My post title is a direct quote from the pastor of Marcellus Andrews, the 19 year old young man who was beaten to death in Waterloo, IA, while being taunted with anti-gay slurs.
There is a lot of darkness out there.
As of August 24, no arrests have been made.
As of August 24, the darkness specifically relating to this death is still out there.
Oh, I'm sure over time arrests will be made. I'm sure we will learn all about these perpetrators and their families just as we have learned about Marcellus and his family members. There's a high likelihood we will learn of some very tragic brokenness regarding the "perps" in this case.
That's when it gets complicated, because, you see, my Baptismal Covenant instructs me to "seek and serve Christ in all people," and it is going to be very, very hard for me to do that with Marcellus' killers.

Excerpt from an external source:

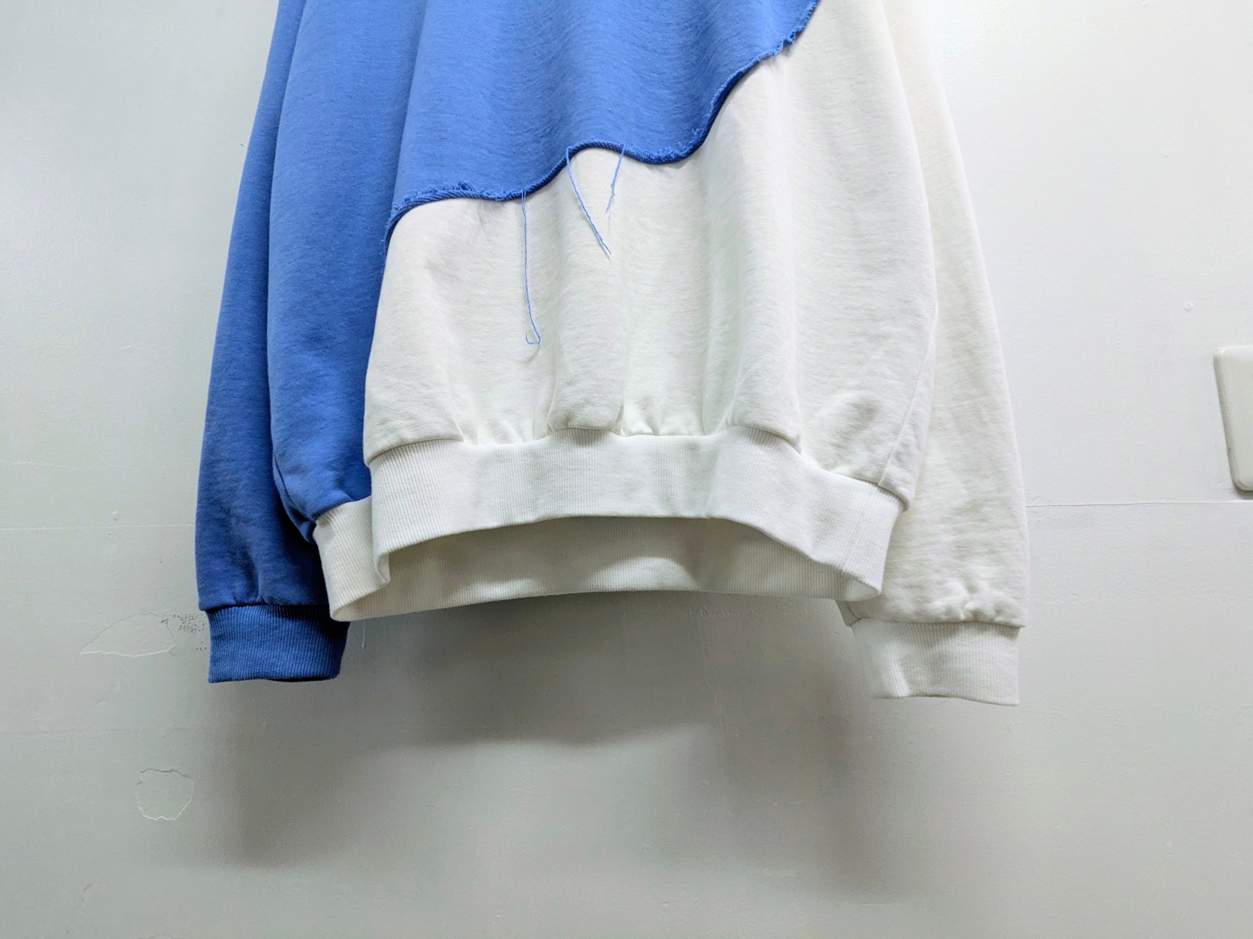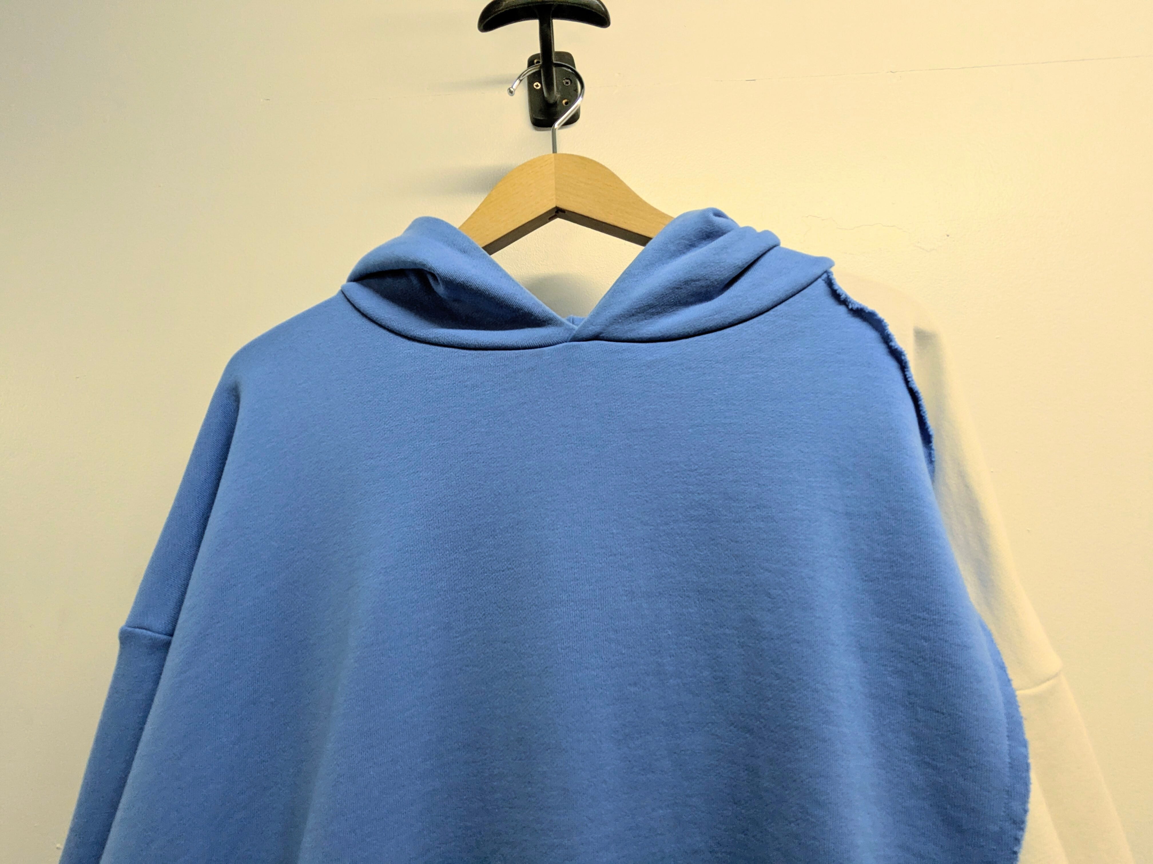 切り替わったデザインのスウェットパーカー。再構築かと思いきやの、白のボディの上から青の部分がのせてあります。ただ、フード部分などはどうなっているのかちょっと分からない複雑なデザイン。

It's so easy to see how the Light of God worked in Marcellus. He devoted a great deal of time to the Crusaders Drill Team of his home church, the Union Missionary Baptist Church. It's not as easy to see how the Light of God works in his murderers.
But it brings up another angle to the saint/sinner paradox.
I realize it is incredibly, incredibly easy to feel animosity towards people I don't personally know, as "bad people."
What strikes me, though, is how that can change when one actually knows the "perp."
I can say that because I have personally known, for at least a period of time in my life, known someone on Missouri's Death Row who was later executed. (He was my insurance agent and a friend in our local amateur radio club.) I was basketball camp roommates in high school with a woman who is currently spending life in prison for having, with an accomplice, killed her husband and disposed of his body in a vat of acid. When I lived in Columbia, I played softball with her and her late husband. At the time I knew these people, I would have never thought in a million years either of them were "bad people." I certainly would never have predicted how each of them would turn out.
Yet, I could see the humanity in each of these two people.
I am reminded that the only thing that dispels the kind of darkness we are talking about is divine light, as depicted in the line of the Psalm. It allows me to see each of these two people who were bathed in darkness as having at least a shred of divine light in them. I am sad for the pain these victims' families had to walk through.
It is easy for me to pray for the soul of Marcellus. It's a snap for me to pray for his family and for the children whom he instructed in his church drill team. But when Marcellus' killers are found, I need to remind myself that I found humanity, not once, but twice, in a very unusual place indeed, and to also pray for Marcellus' killers.
There is a lot of darkness out there. I can let my own dark thoughts contribute to the broken-ness of the world, or I can try to find light where none seems to exist. The choice is there for all of us.